▶ [What the exercise asks]:
The answer is to be the lines below that lie between the line holding "traste 22 ." and the line holding "Dient der Lagerung", inclusive, transcribed exactly and free of pictures.

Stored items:
---

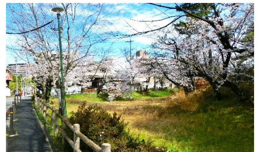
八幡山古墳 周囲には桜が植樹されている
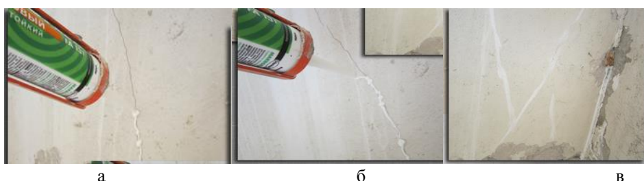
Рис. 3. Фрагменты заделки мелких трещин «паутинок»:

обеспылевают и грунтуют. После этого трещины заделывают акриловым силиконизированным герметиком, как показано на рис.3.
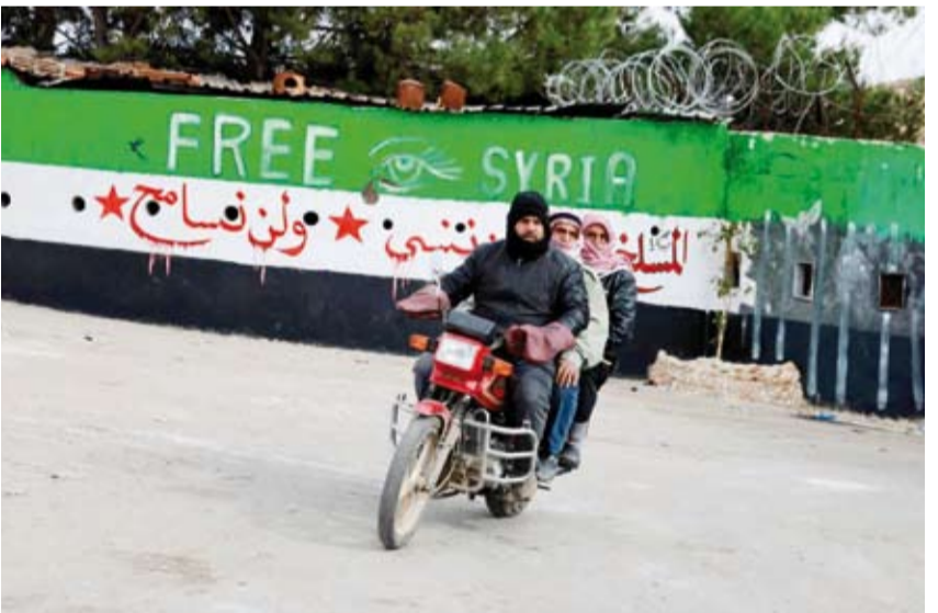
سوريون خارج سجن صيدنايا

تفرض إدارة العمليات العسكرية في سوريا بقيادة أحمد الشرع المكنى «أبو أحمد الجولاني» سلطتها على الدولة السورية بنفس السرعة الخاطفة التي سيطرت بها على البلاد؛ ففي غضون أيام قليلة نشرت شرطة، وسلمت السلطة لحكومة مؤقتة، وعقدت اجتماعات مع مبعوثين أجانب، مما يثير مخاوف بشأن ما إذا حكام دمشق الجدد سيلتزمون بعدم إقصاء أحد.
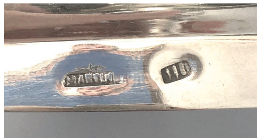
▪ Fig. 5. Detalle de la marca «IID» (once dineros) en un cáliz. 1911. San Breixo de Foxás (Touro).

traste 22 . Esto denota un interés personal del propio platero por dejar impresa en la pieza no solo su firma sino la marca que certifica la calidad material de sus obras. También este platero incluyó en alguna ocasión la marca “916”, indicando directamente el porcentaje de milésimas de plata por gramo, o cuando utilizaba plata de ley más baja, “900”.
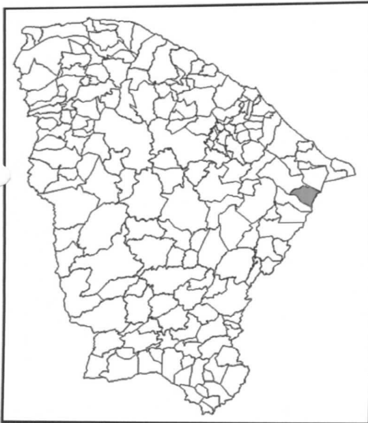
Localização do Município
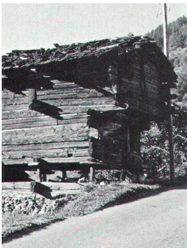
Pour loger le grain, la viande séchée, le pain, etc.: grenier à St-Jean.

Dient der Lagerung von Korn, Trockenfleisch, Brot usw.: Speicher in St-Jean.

---

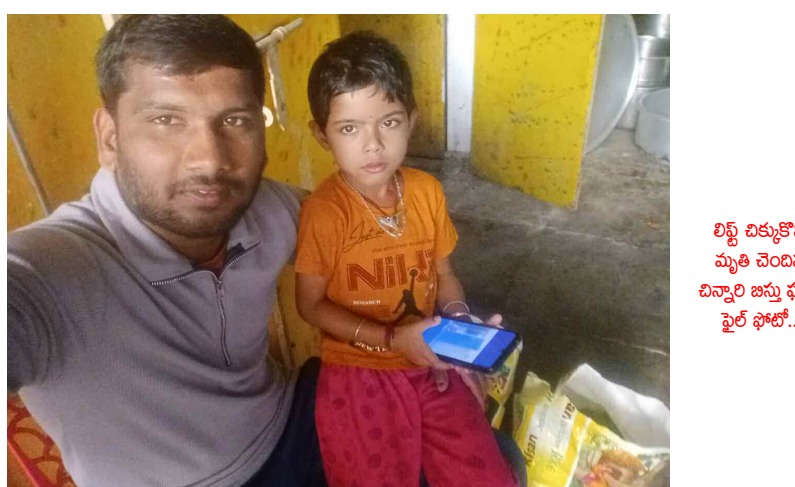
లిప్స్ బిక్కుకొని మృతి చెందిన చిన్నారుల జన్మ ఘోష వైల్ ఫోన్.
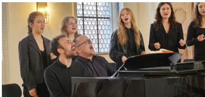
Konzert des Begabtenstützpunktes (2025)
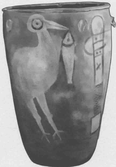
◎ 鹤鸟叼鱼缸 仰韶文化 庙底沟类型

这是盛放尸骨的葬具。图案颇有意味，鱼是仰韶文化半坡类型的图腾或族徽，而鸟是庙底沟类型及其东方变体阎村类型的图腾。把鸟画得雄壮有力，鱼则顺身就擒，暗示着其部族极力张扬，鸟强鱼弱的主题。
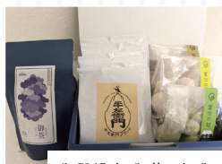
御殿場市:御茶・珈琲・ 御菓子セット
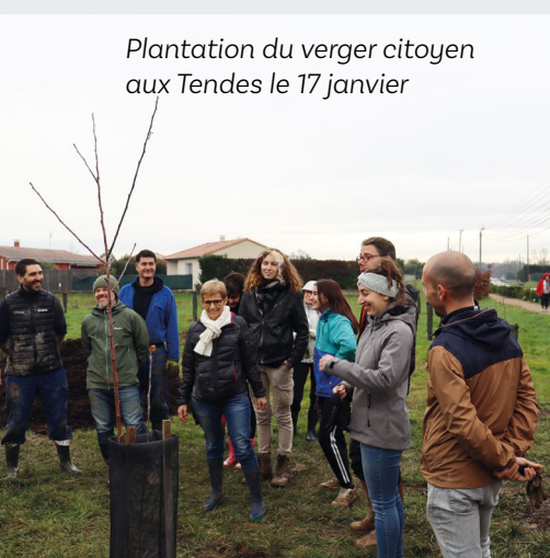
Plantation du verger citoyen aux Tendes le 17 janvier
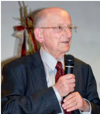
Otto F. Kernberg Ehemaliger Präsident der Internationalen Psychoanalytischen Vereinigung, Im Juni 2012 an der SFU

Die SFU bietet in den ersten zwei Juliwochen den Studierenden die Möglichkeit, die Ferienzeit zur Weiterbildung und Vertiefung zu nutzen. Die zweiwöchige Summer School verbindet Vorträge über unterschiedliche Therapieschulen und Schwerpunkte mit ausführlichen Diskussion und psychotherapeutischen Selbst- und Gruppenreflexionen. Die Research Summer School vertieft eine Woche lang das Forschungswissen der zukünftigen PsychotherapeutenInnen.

---

▶ [Response]:
traste 22 . Esto denota un interés personal del propio platero por dejar impresa en la pieza no solo su firma sino la marca que certifica la calidad material de sus obras. También este platero incluyó en alguna ocasión la marca “916”, indicando directamente el porcentaje de milésimas de plata por gramo, o cuando utilizaba plata de ley más baja, “900”.
Localização do Município
Pour loger le grain, la viande séchée, le pain, etc.: grenier à St-Jean.

Dient der Lagerung von Korn, Trockenfleisch, Brot usw.: Speicher in St-Jean.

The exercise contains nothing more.